Could you copy exactly the lines below, beginning at the line with "5.88 X 3.65" and stopping after the line with "RICK OWENS FOREVER", with no pictures?

Dataset records:
┄┄┄┄┄┄┄┄┄┄┄┄┄┄┄┄┄┄┄┄
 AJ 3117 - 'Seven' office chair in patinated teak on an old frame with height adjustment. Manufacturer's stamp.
┄┄┄┄┄┄┄┄┄┄┄┄┄┄┄┄┄┄┄┄
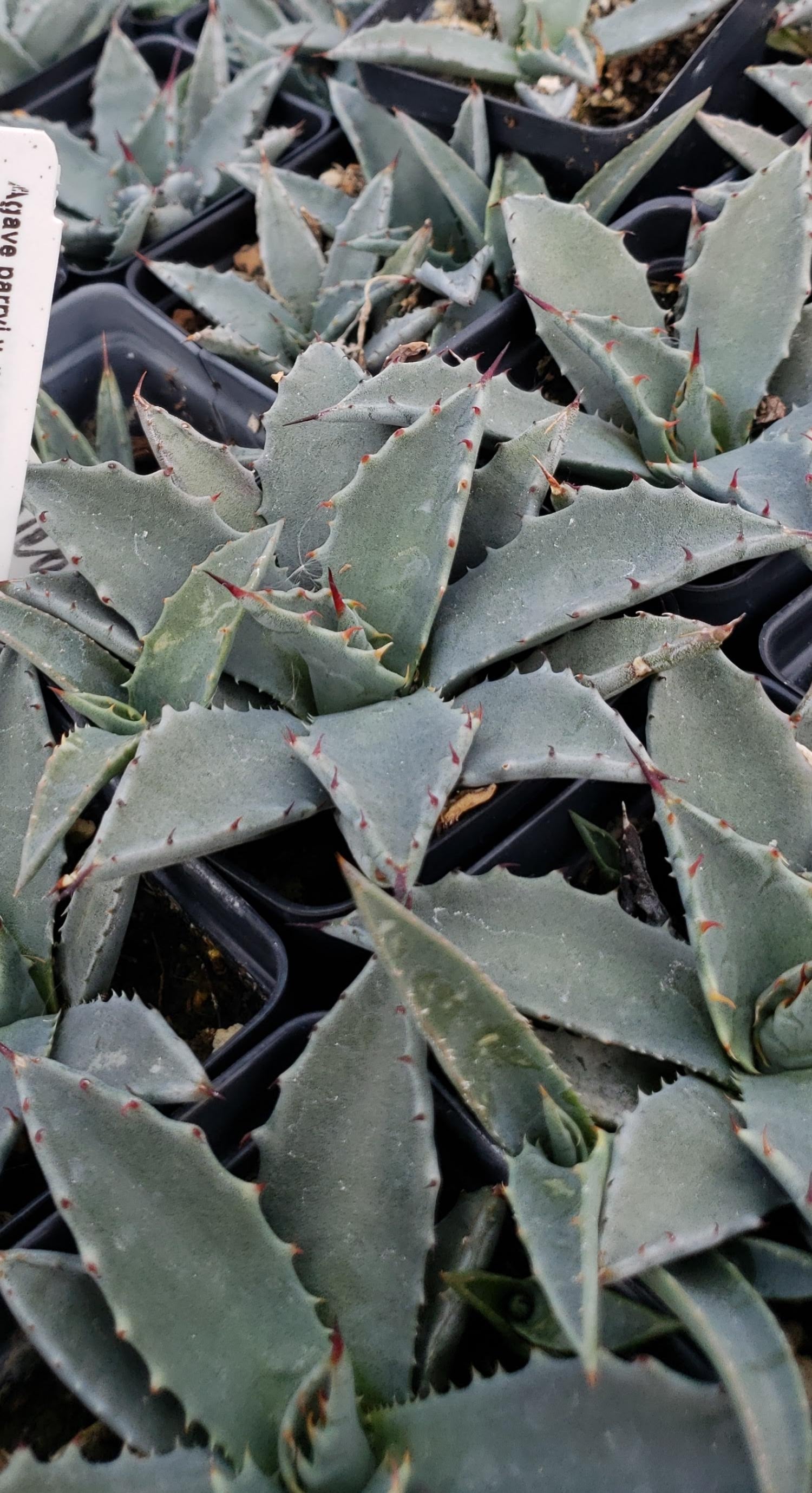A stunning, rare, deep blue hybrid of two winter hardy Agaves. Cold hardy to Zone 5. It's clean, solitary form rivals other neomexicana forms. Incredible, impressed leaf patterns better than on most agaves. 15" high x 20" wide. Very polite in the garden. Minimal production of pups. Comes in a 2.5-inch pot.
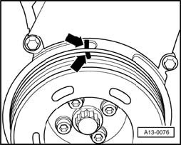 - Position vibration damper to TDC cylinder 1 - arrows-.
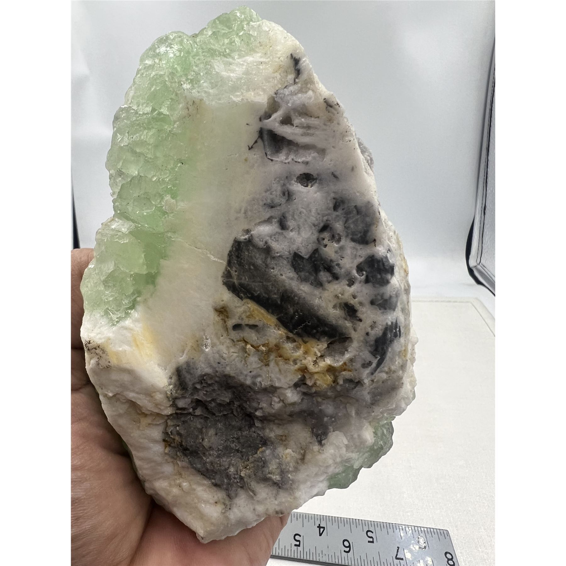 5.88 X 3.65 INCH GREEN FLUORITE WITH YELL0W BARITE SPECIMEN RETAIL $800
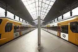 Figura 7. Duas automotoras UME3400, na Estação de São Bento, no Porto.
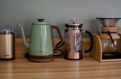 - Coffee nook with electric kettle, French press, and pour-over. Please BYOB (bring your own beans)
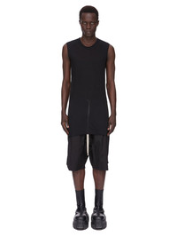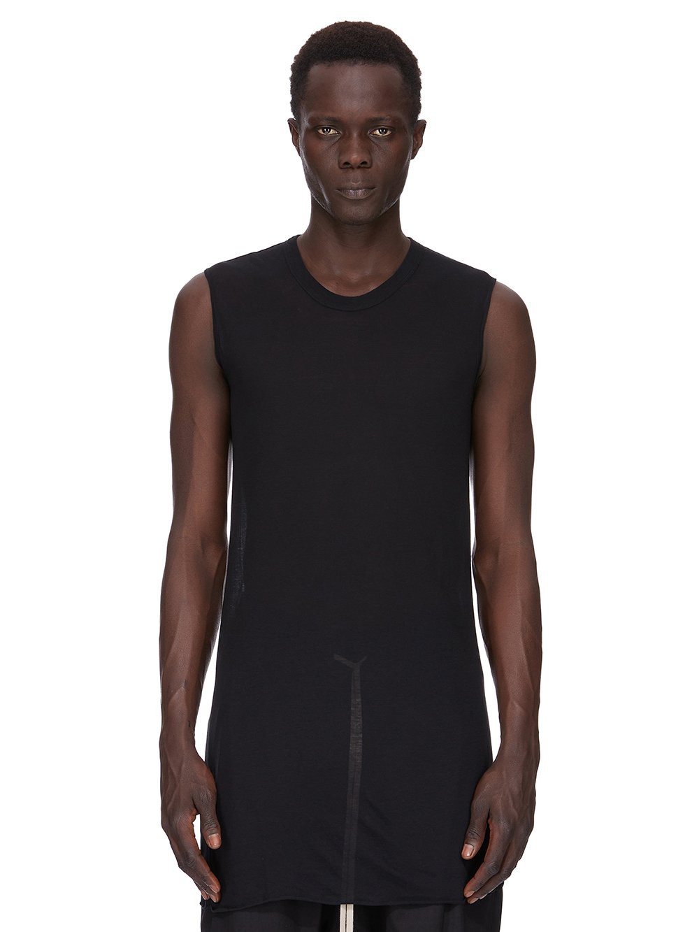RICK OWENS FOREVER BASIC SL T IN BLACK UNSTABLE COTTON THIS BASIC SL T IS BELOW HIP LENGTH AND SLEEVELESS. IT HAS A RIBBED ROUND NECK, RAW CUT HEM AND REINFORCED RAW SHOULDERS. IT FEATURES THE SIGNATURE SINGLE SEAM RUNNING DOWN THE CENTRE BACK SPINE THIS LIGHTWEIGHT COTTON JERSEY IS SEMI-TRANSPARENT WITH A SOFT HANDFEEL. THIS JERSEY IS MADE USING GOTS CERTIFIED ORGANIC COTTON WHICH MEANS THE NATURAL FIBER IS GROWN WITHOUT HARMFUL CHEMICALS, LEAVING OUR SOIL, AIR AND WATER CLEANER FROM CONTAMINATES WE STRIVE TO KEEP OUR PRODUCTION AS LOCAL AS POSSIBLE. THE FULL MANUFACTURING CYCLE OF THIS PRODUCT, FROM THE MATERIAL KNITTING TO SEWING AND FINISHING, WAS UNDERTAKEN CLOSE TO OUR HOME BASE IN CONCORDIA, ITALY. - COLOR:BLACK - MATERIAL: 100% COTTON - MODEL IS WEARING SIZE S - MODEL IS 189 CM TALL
┄┄┄┄┄┄┄┄┄┄┄┄┄┄┄┄┄┄┄┄
Task result:
 5.88 X 3.65 INCH GREEN FLUORITE WITH YELL0W BARITE SPECIMEN RETAIL $800
 Figura 7. Duas automotoras UME3400, na Estação de São Bento, no Porto.
 - Coffee nook with electric kettle, French press, and pour-over. Please BYOB (bring your own beans)
RICK OWENS FOREVER BASIC SL T IN BLACK UNSTABLE COTTON THIS BASIC SL T IS BELOW HIP LENGTH AND SLEEVELESS. IT HAS A RIBBED ROUND NECK, RAW CUT HEM AND REINFORCED RAW SHOULDERS. IT FEATURES THE SIGNATURE SINGLE SEAM RUNNING DOWN THE CENTRE BACK SPINE THIS LIGHTWEIGHT COTTON JERSEY IS SEMI-TRANSPARENT WITH A SOFT HANDFEEL. THIS JERSEY IS MADE USING GOTS CERTIFIED ORGANIC COTTON WHICH MEANS THE NATURAL FIBER IS GROWN WITHOUT HARMFUL CHEMICALS, LEAVING OUR SOIL, AIR AND WATER CLEANER FROM CONTAMINATES WE STRIVE TO KEEP OUR PRODUCTION AS LOCAL AS POSSIBLE. THE FULL MANUFACTURING CYCLE OF THIS PRODUCT, FROM THE MATERIAL KNITTING TO SEWING AND FINISHING, WAS UNDERTAKEN CLOSE TO OUR HOME BASE IN CONCORDIA, ITALY. - COLOR:BLACK - MATERIAL: 100% COTTON - MODEL IS WEARING SIZE S - MODEL IS 189 CM TALL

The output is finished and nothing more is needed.